Epstein’s legal troubles became public in 2005, when police in Palm Beach, Fla., investigated allegations that he had sexually abused a minor. In 2008, he pleaded guilty in state court to soliciting prostitution from a minor under a plea agreement that was widely criticized as unusually lenient. He served 13 months in county jail with work-release privileges and was required to register as a sex offender. Comparable federal charges can carry significantly longer sentences.
Despite that conviction, Epstein continued to maintain relationships with prominent business and political figures for years. The extent to which members of elite networks remained in contact with him after his guilty plea has been the subject of extensive scrutiny.
Documents released by the Justice Department indicate that individuals connected to Thiel’s philanthropic and investment circles communicated with Epstein after his conviction. One document shows an invitation, sent on behalf of the Thiel Foundation, for Epstein to attend a technology event in San Francisco. Additional financial records and reporting indicate that between 2015 and 2016, Epstein invested approximately $40 million in funds managed by Valar Ventures, one of Thiel’s firms. Other records reflect meetings and correspondence, at times arranged through intermediaries. Epstein also extended invitations to his Caribbean residence.
There is no evidence that Thiel was involved in Epstein’s criminal conduct. The documented interactions do, however, show numerous planned meetings between the two both in the Caribbean (where Epstein’s infamous island is located) and across the world, while also raising questions about why business relationships continued after Epstein had pleaded guilty to a sex offense involving a minor and was a registered sex offender. For critics, that continued engagement speaks to the insular nature of elite finance, where access to capital and networks can override reputational risk.
Palantir represents another overlap. In emails made public through Justice Department releases, Epstein referenced Palantir in correspondence with Ehud Barak, the former Israeli prime minister who also maintained ties to Epstein. The emails do not indicate that Epstein had operational involvement in Palantir or access to its systems, however, they show that he discussed one of Thiel’s most strategically significant companies — a firm deeply integrated into Western defense and intelligence systems — with senior political figures abroad.
Separately, Thiel’s long-running dispute with Gawker Media offers additional insight into how he has exercised power outside traditional political channels.
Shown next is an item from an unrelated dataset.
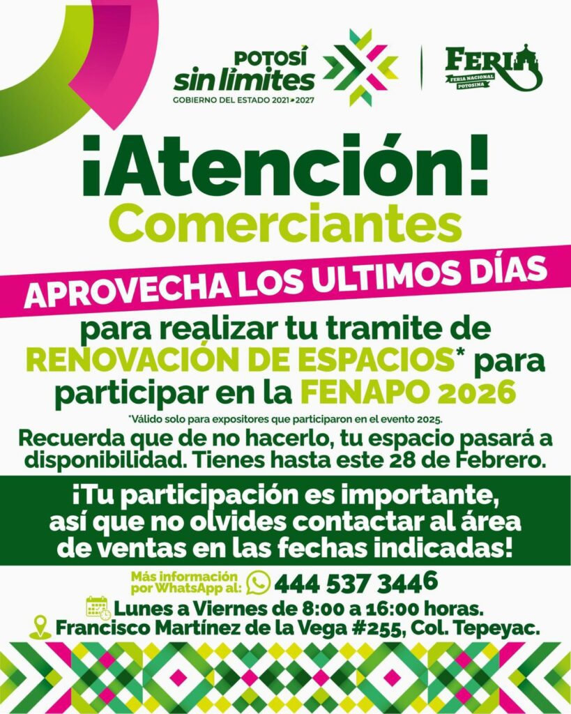 El Patronato de la Feria Nacional Potosina (Fenapo), informó que las y los comerciantes que participaron en 2025 deberán realizar su trámite de renovación antes del 28 de febrero para garantizar su espacio en la edición 2026.

After Gawker published an article in 2007 that publicly identified Thiel as gay, he later secretly funded litigation brought by professional wrestler Hulk Hogan over the outlet’s publication of a sex tape. The lawsuit resulted in a $140 million judgment against Gawker, which ultimately filed for bankruptcy. Thiel later confirmed his financial backing of the case, framing it as a defense of privacy and a response to what he considered reckless media behavior.
The episode demonstrated Thiel’s willingness to deploy substantial financial resources strategically and, at times, discreetly. It also illustrated how wealth can be used to influence institutions — whether through venture capital, political donations, or litigation.
Taken together, the record does not establish criminal liability for Thiel in connection with Epstein. It does, however, situate him within a dense web of elite finance, national security contracting, political influence, and reputation management. As additional documents related to Epstein continue to emerge, that web — and the decisions made within it — remains a subject of public interest and ongoing scrutiny.